## TRY IT
Please set down, unchanged, each line from the one with "但当她下飞机时,却发现地勤人" to the final line of the data below, both included. Drop the pictures.

Records contained in a dataset:
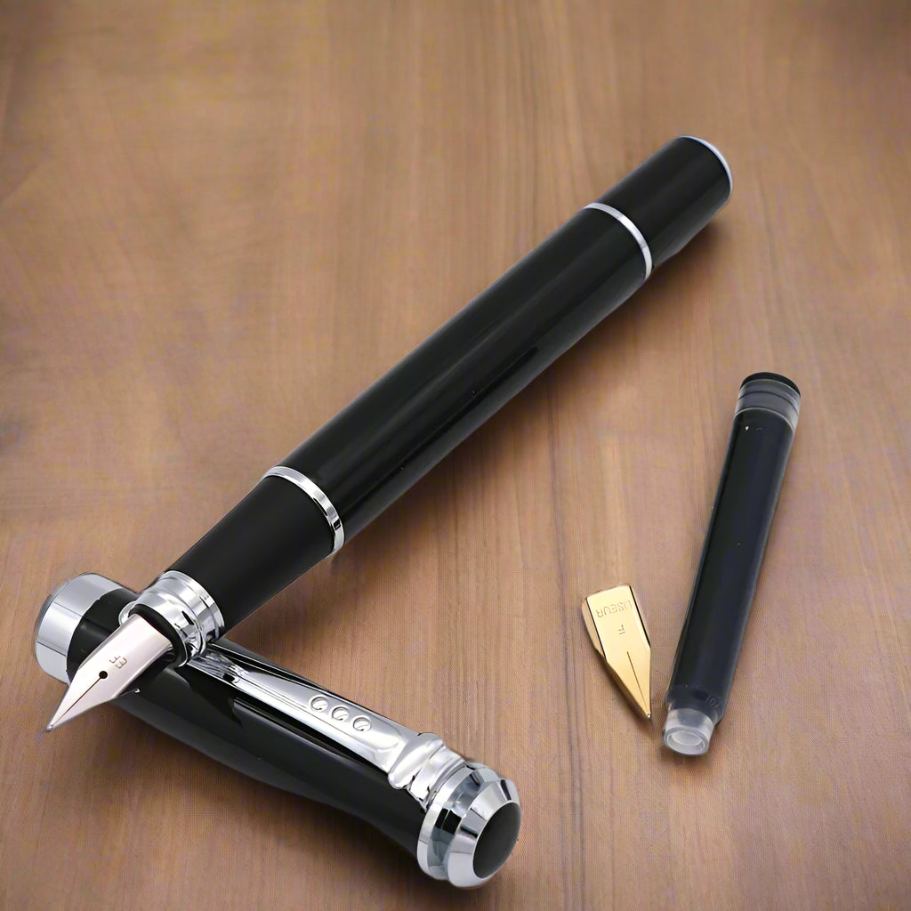 This fountain pen features a 0.5 mm nib for clean, precise lines, and comes equipped with a free ink converter, ready to pair with your favorite bottled ink.
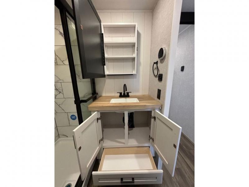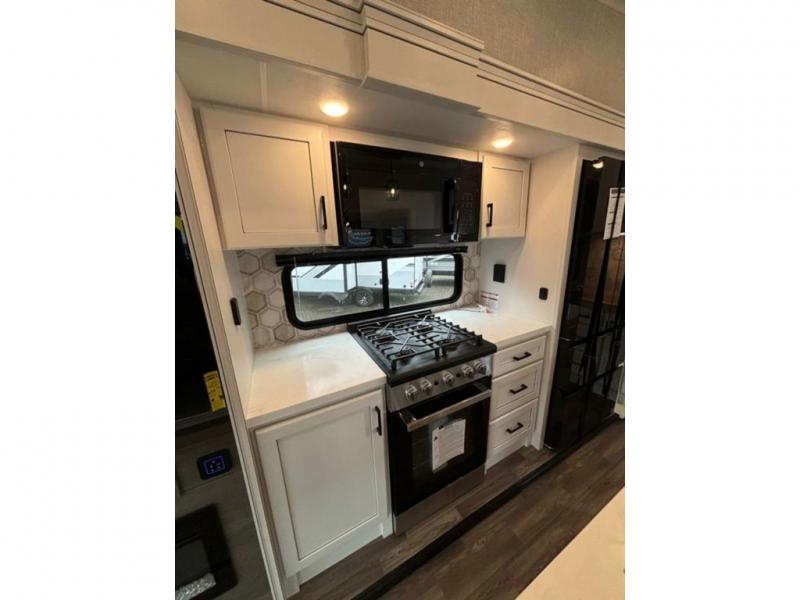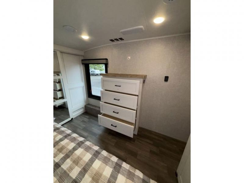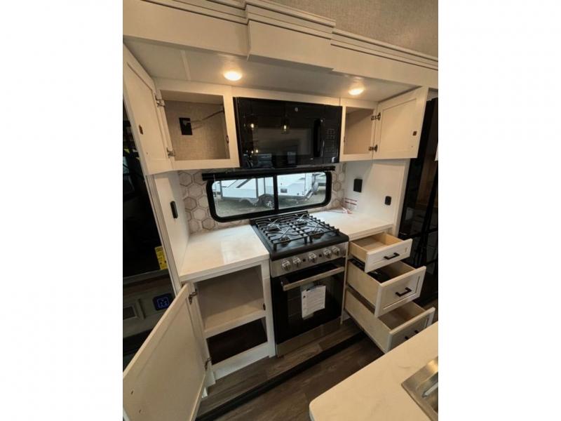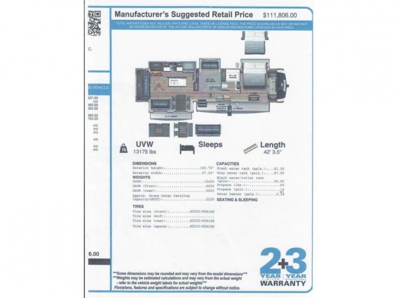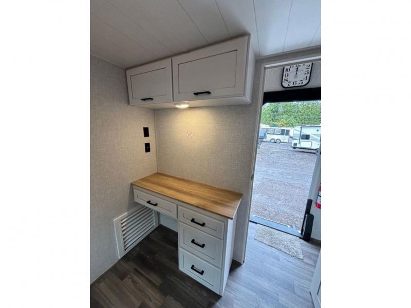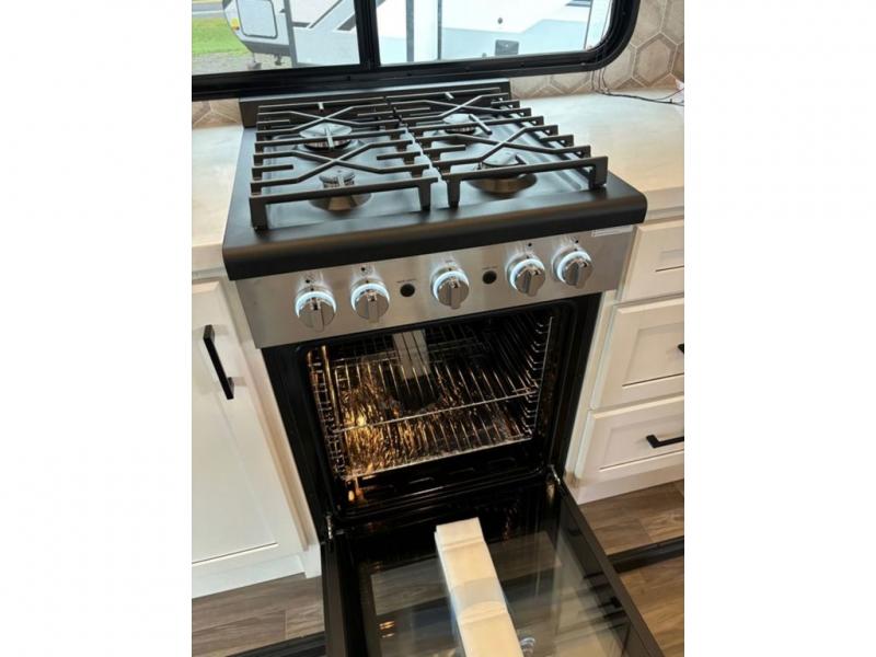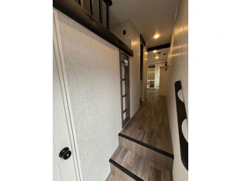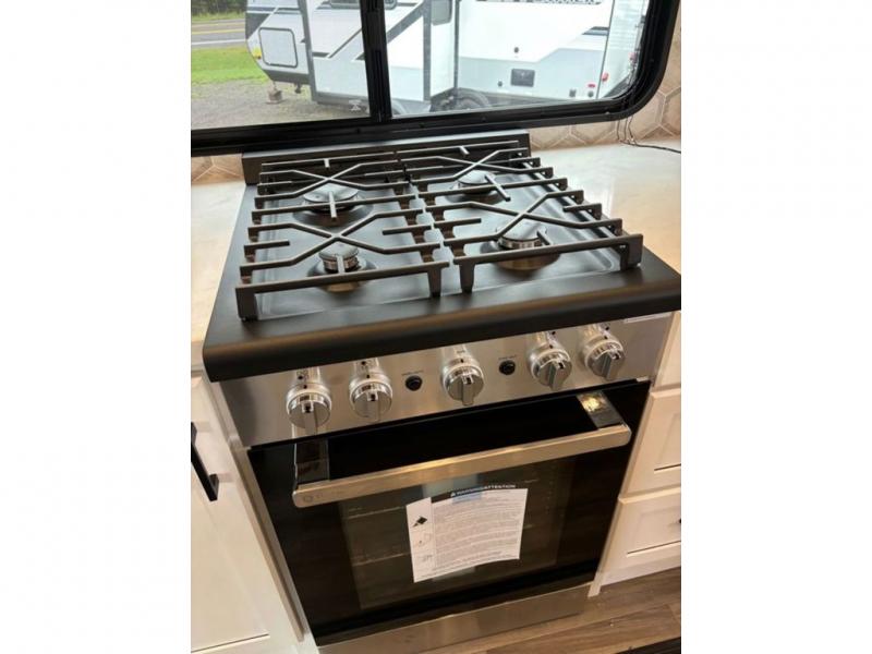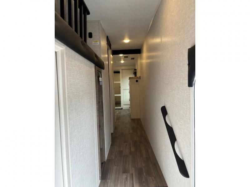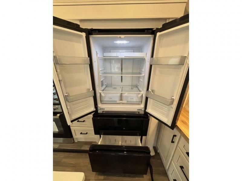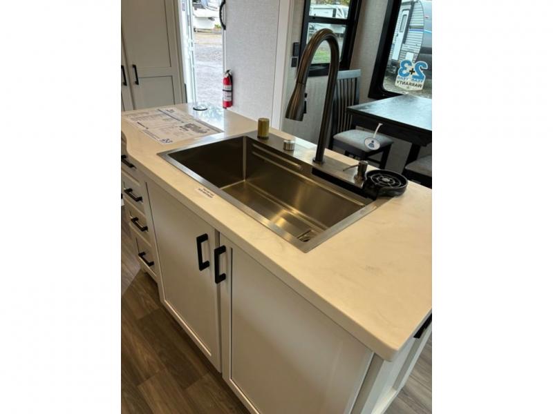 This fifth wheel with four slides is one your whole crew will love! There is a middle bedroom/den with a tri-fold sofa and a desk, allowing this room to become an office if you need it. The loft above this room will be a big hit with the little ones, and the full bath is centrally located so everyone can use it easily. You will have the front private bedroom all to yourselves with a king bed slide out, a chest with TV prep, plus washer and dryer prep in the walk-in closet. The main living area includes everything you need to relax in comfort, like the theater seats, tri-fold sofa, and entertainment center with a fireplace. The chef will enjoy the extra counter space provided by the kitchen island, and there is plenty of storage with the pantry, hutch, and 16 cu. ft. 12V refrigerator. This model even has an outside kitchen, two power awnings, and outside storage for all your gear!
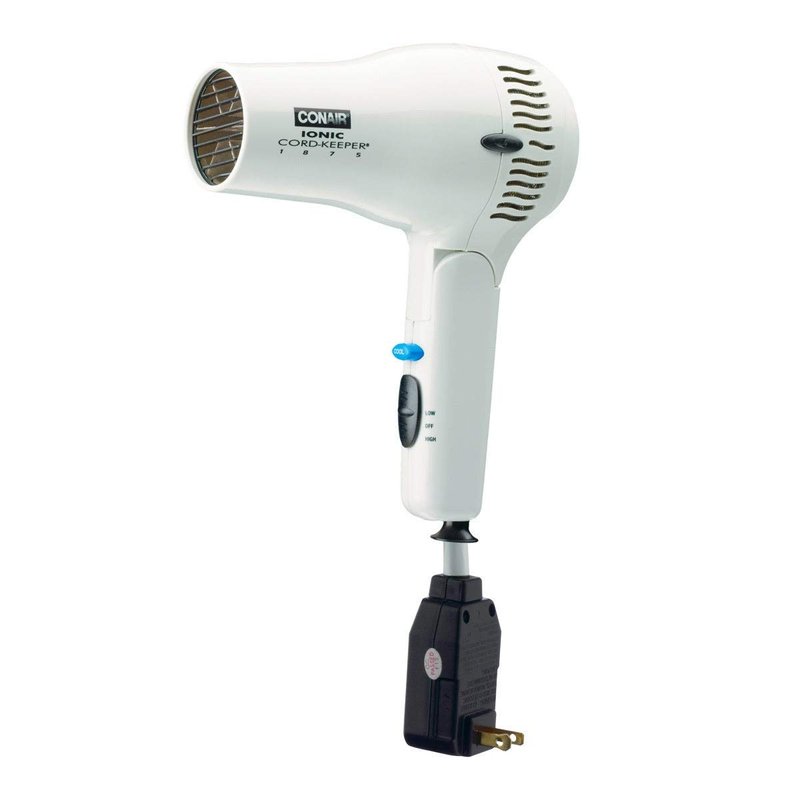 Make your guests feel at home in your hotel, motel, or extended-stay facility with the Conair 169WIW white cord keeper hair dryer. A convenient, push button cord keeper retractable cord frees up counter space when not in use. The Conair 169WIW white cord keeper 1875 watt hair dryer also features 2 heat and 2 speed settings to meet the demands of all of your guests.
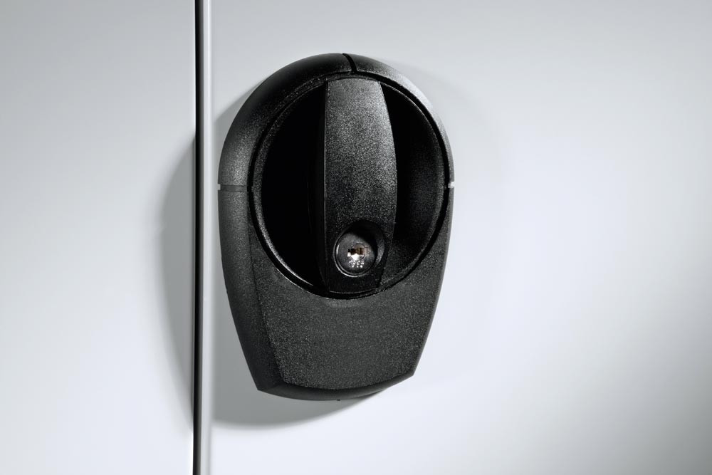 ∙ #7;Flügeltüren mit Türverstärkung, in Drehbolzen gelagert, mit dreiriegeligem Rundgriffverschluss und 2 Schlüsseln
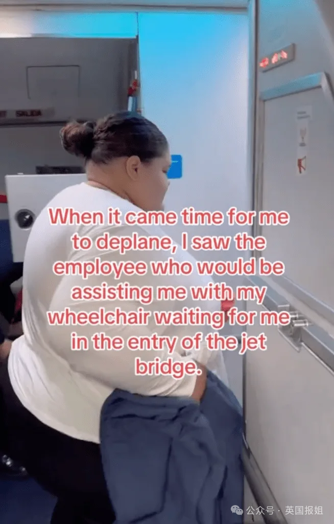 但当她下飞机时,却发现地勤人员只是站在廊桥入口处袖手旁观。尤其是看到她过来后,地勤人员上下打量一番就把轮椅推到一边,嘟囔着让她自己走着下去。
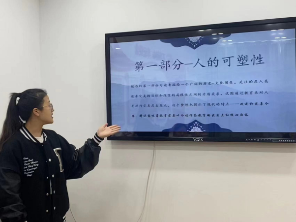 第七位分享者孙佳欣同学分享的是雅斯贝尔斯的《什么是教育》。她主要分享了雅斯贝尔斯关于教育本质、教育目的、教育内容、教育过程以及教育过程的观点,如雅斯贝尔斯认为教育不过是主体间灵肉的交流活动,包括知识内容的传授、生命内涵的领悟、意志行为的规范,并借助文化传递的功能,将文化遗产教给年轻一代,使他们自由地生成,并启迪其自由天性。她认为,当今的教育过多地关注教育对社会的贡献,对于人的精神世界的构建关注程度不够,对精神的关注应该是重于知识的传授,任何科学知识的获取都应该建立在精神导向的基础之上。

## ANSWER TO THE PROBLEM
 但当她下飞机时,却发现地勤人员只是站在廊桥入口处袖手旁观。尤其是看到她过来后,地勤人员上下打量一番就把轮椅推到一边,嘟囔着让她自己走着下去。
 第七位分享者孙佳欣同学分享的是雅斯贝尔斯的《什么是教育》。她主要分享了雅斯贝尔斯关于教育本质、教育目的、教育内容、教育过程以及教育过程的观点,如雅斯贝尔斯认为教育不过是主体间灵肉的交流活动,包括知识内容的传授、生命内涵的领悟、意志行为的规范,并借助文化传递的功能,将文化遗产教给年轻一代,使他们自由地生成,并启迪其自由天性。她认为,当今的教育过多地关注教育对社会的贡献,对于人的精神世界的构建关注程度不够,对精神的关注应该是重于知识的传授,任何科学知识的获取都应该建立在精神导向的基础之上。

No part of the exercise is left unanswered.